# MirrOdine'n in Hialeah



## paint it black (Nov 3, 2007)

Decided to hit up a couple spots for a bit with a friend. I was itchin' to to break in my new Stradic with something. So I grabbed my trusty Chart/White MirrOdine and my rod and was out. I quickly went 1 for 3 on pea's. I lost a nice one for my drag being too tight. It wasn't much but I finally felt the drag peeling off my Stradic. The peas were very aggressive. I had plenty of hits and slashes in the dead center of the canal. My friend didn't have no hits at all. He was complaining that the MirrOdine had no action at all. I looked over and noticed that he had no leader at all, and he didn't have a loop knot either. So I tied him up a leader and a loop knot and he was amazed by the difference. After a few minutes we decided to leave. He was certain that he wasn't going to catch anything. We stopped to eat, then were back on our way home. As we're driving by a canal, he says "Screw it lets stop, we're here so we might as well". We pull over and get out for a couple casts. On his second cast something crushed his lure in the middle of the canal. He was wondering what it was because he didn't feel anything. I told him to keep reeling in. Once it got close, we see the snook come up then turn around for a few runs. After a couple short runs, he was able to bring in the snook. It wasn't very big, but he had only caught one snook before this one. And this was his first freshie snook. Over the past couple weeks, my tackle box has been gradually taken over by MirrOlures. I only have two Skitterwalks, and two Yozuris that see no action! The rest are all MirrOlures. 
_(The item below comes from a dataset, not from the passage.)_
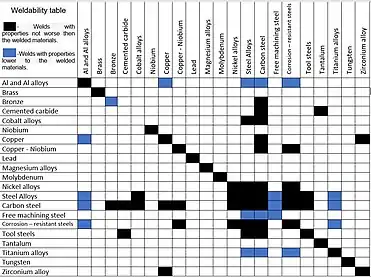 In rotary friction welding enables to weld various materials. Metallic materials of the same name or dissimilar either composite,[1] superalloys[25] and non-metallic e.g. thermoplastic polymers[26] can be welded and even welding of wood is investigated.[27] Weldability tables of metallic alloy can be found on the Internet and in books.[22] Sometimes an interlayer is used to connect non-compatible materials.[21][28]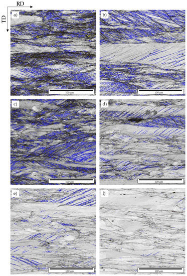 EBSD-IQ maps of the investigated steel deformed to 50% thickness reduction by (a) cold rolling and warm rolling at (b) 200 °C, (c) 300 °C, (d) 400 °C, (e) 450 °C and (f) 500 °C. Blue lines indicate deformation twin boundaries (60° <111>).

The peacock almost swallowed my lure. lol


----------



## iMacattack (Dec 11, 2006)

sweet!


----------



## mark_gardner (Mar 18, 2009)

you guys have been slaying them lately [smiley=rockin.gif] i'm hoping to get down to boynton within the next few weeks to kick some peacock butt [smiley=chuck.gif]


----------



## Un-shore (Sep 27, 2007)

Southbound, let me know when you are coming down I'm in Lantana


----------



## tgaud11 (Sep 30, 2008)

Man that looks fun. A Peacock is definatly on my "catch-list" for the near future.


----------



## paint it black (Nov 3, 2007)

If any of you are ever in Miami and want to get on some peacock action I'll put you guys on em. Maybe someone would offer a red fish trip for a peacock trip! lol 


It's very fun catching the pea's on fly, but it's also great seeing them crush a topwater or subsurface lure. I got several great spots for bank hopping, and boat fishing for them.


----------



## HaMm3r (Dec 11, 2006)

> If any of you are ever in Miami and want to get on some peacock action I'll put you guys on em. Maybe someone would offer a red fish trip for a peacock trip! lol
> 
> 
> It's very fun catching the pea's on fly, but it's also great seeing them crush a topwater or subsurface lure. I got several great spots for bank hopping, and boat fishing for them.


Too bad I don't have an excuse to get down there...I'd love to catch some of those on fly!  Nice catching guys! [smiley=1-thumbsup1.gif]


----------



## zero_gravity (Dec 14, 2006)

WTG congrats on the snook 
I had added a 17mr a few months back to my pcock tray and was surprised it hooks up one for one againts my fav rapala x rap


----------